P131. Systematic analysis of factors associated with progression and regression of ulcerative colitis in the Swiss IBD Cohort study
E. Safroneeva1, S. Vavricka2, N. Fournier3,4, F. Seibold5, C. Mottet6, A. Straumann7, G. Rogler2, A. Schoepfer6, 1University of Bern, Institute of Social and Preventive Medicine, Bern, Switzerland, 2University of Zurich, Gastroenterology and Hepatology, Zurich, Switzerland, 3Institute of Social and Preventive Medicine, Healthcare Evaluation Unit, Lausanne, Switzerland, 4University of Lausanne, IUMSP, Lausanne, Switzerland, 5University Hospital Bern, Gastroenterology and Hepatology, Bern, Switzerland, 6University of Lausanne, Gastroenterology and Hepatology, Lausanne, Switzerland, 7University of Basel, Gastroenterology and Hepatology, Basel, Switzerland
There is a lack of studies having systematically assessed in a large cohort of patients with ulcerative colitis (UC) the disease location over time as well as risk factors associated with progression or regression of disease extent. We aimed to assess disease location over time and to evaluate associated risk factors.
Data from the Swiss IBD cohort study were analyzed. Patients were recruited from university centers (68%), regional hospitals (14%), and private practices (18%). Disease locations over time were analyzed and risk factor analysis for a change in disease location was performed using logistic regression modeling. Non parametric data are illustrated as median and interquartile range [IQR].
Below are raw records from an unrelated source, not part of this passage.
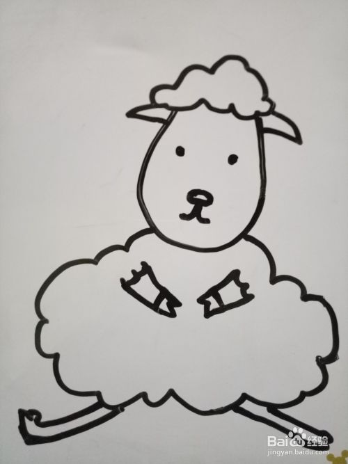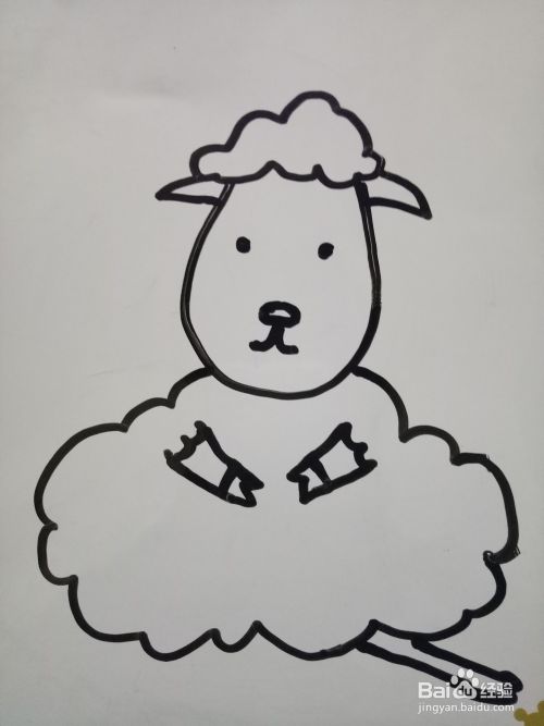 最后给小绵羊画上两只脚,尽量的像八字排开一点,坐立的小绵羊就画好了。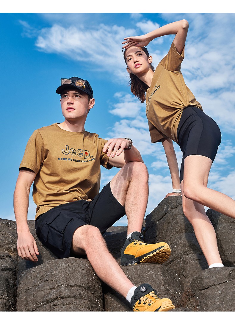 Jeep吉普户外索罗娜凉感快干t恤男亲肤透气运动衫情侣弹力短袖女 J322074501 摩卡棕 /品牌黑/ 玉白色 XS-4XL 下单请备注颜色尺码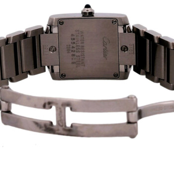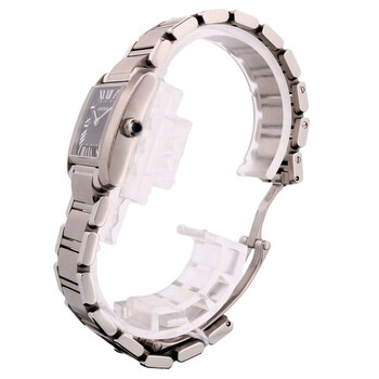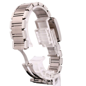 Silver-tone stainless steel case and bracelet. Fixed silver-tone stainless steel bezel. Black dial with silver-tone hands and Roman numeral hour markers. Minute scale around the inner rim. Dial Type: Analog. Quartz movement. Scratch resistant sapphire crystal. Pull / push crown. Solid case back. Square case shape, case size: 18 mm. Band length: 5.5 inches. Fold over clasp with a safety release. Functions: hour, minute. Tank Francaise Series. Luxury watch style. Watch label: Swiss Made. Pre-owned Cartier Tank Francaise Quartz Black Dial Men's Watch W51026Q3.
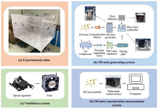 The experimental system is shown in Figure 2, which mainly includes (a) an experimental cabin, (b) an oil mist generating system, (c) a ventilation system, and (d) an oil mist concentration measurement system. In the oil mist generation system, the high-pressure air is generated by the air compressor. The compressed air is treated by the water–oil separator and drying tube and then enters the oil mist generator. The aerosol is released through a nozzle in the generator. To ensure a stable air flow, the compressed air is controlled by a mass flow controller (range: 0 to 50 L/min). A concentration diluter is connected to the outlet of the oil mist generator. By adjusting the value of the mass flow controller, the airflow into the aerosol generator can be controlled at a low flow rate to ensure a stable amount of oil mist emission. The ventilation system consists of a fan and a speed controller. The speed controller changes the fan speed to control the ventilation volume.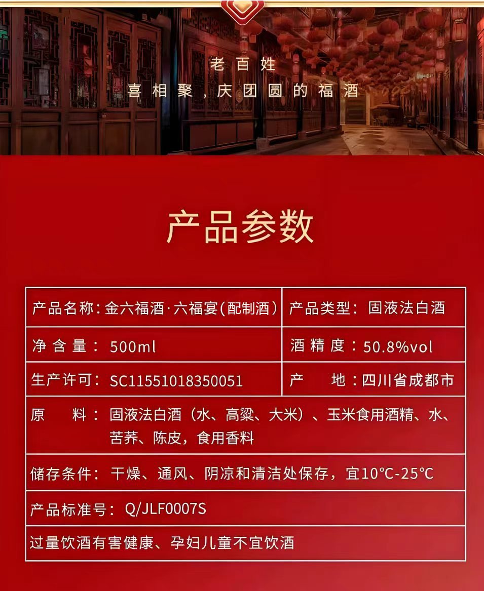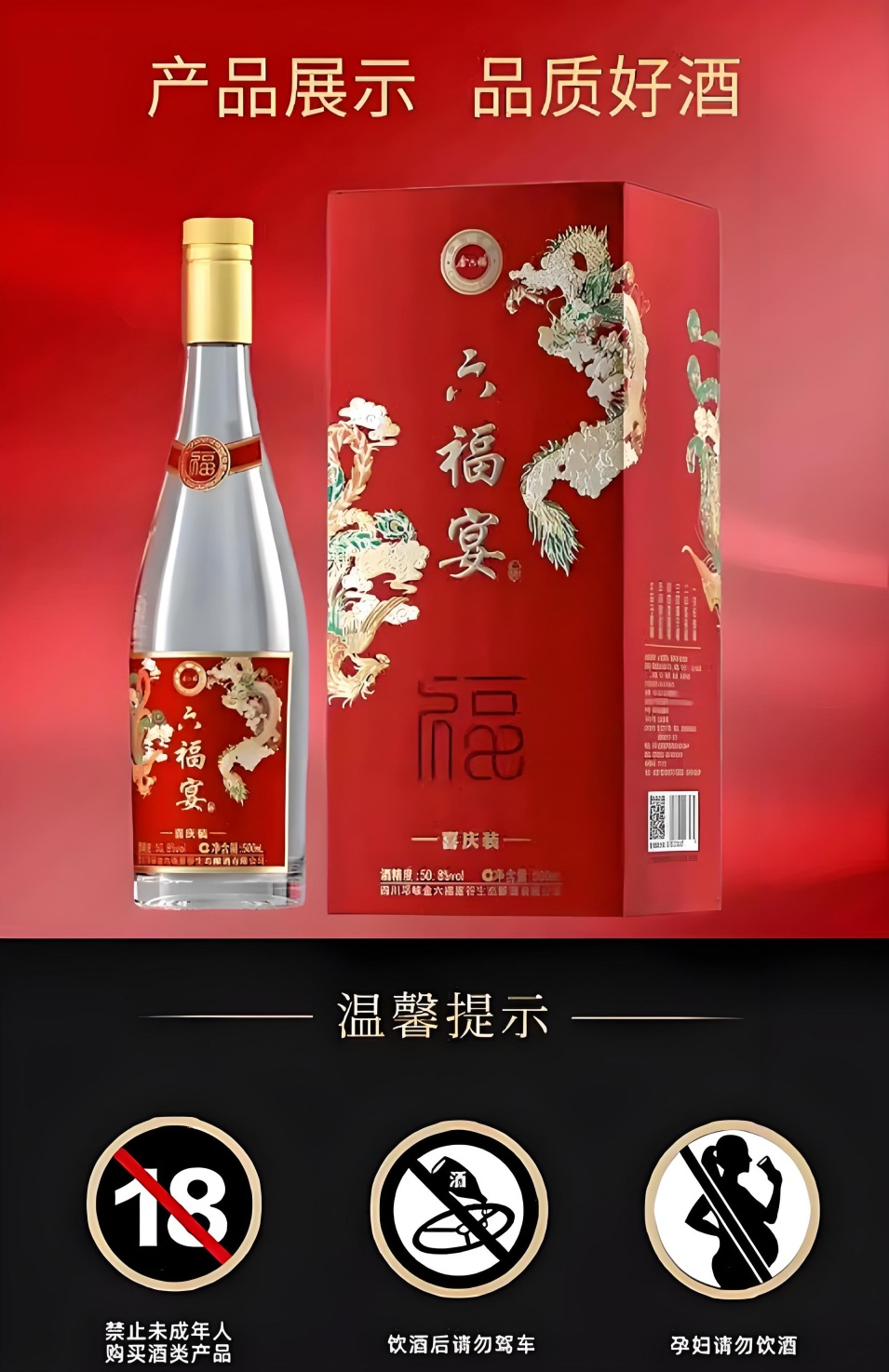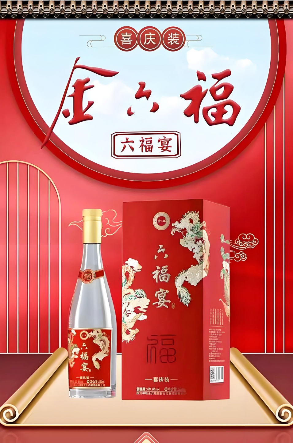 金六福六福宴喜庆装白酒50.8度整箱500ml*6瓶口粮酒特价优惠正品

A total of 1,016 UC patients (45.6% females, median age at diagnosis 31 [23.3–40.5] years) were included. At diagnosis, UC patients presented with the following disease locations: 199 (19.6%) proctitis, 338 (33.3%) left sided colitis, 381 (37.5%) extensive colitis/pancolitis, and 98 (9.6%) unknown. During a median of 9 [5–16] years disease duration, a disease progression was documented in 145/1016 (14.3%) of patients, a regression in 176/1016 (17.3%) of patients, whereas 624/1016 (61.4%) of patients had a stable disease location (7% of patients with unknown evolution of disease location over time). Logistic regression modeling identified the following factors associated with disease progression in UC patients presenting with proctitis or left-sided UC at diagnosis: treatment with systemic steroids (OR 2.077, 95%-CI 1.359–3.174, p = 0.001), treatment with immunomodulators (azathioprine, 6-MP, methotrexate) (OR 1.647, 95%-CI 1.119–2.424, p = 0.011), treatment with TNF-antagonist(s) (OR 1.668, 95%-CI 1.077–2.581, p = 0.022), and treatment with calcineurin-inhibitors (OR 3.159, 95%-CI 1.679–5.943, p < 0.001). Neither gender, age at UC diagnosis, body mass index, presence of extraintestinal manifestations, smoking status at diagnosis, positive UC family history, nor 5-ASA treatment were associated with disease progression. No specific factors were found to be associated with regression in UC patients with extensive colitis/pancolitis or left-sided colitis at diagnosis.
Over a median of 9 years disease duration about two thirds of UC patients maintained the initial disease location whereas one third either had a progression or a regression of the initial disease location. Treatment with systemic steroids, immunomodulators, TNF-antagonists, or calcineurin-inhibitors was significantly associated with disease progression.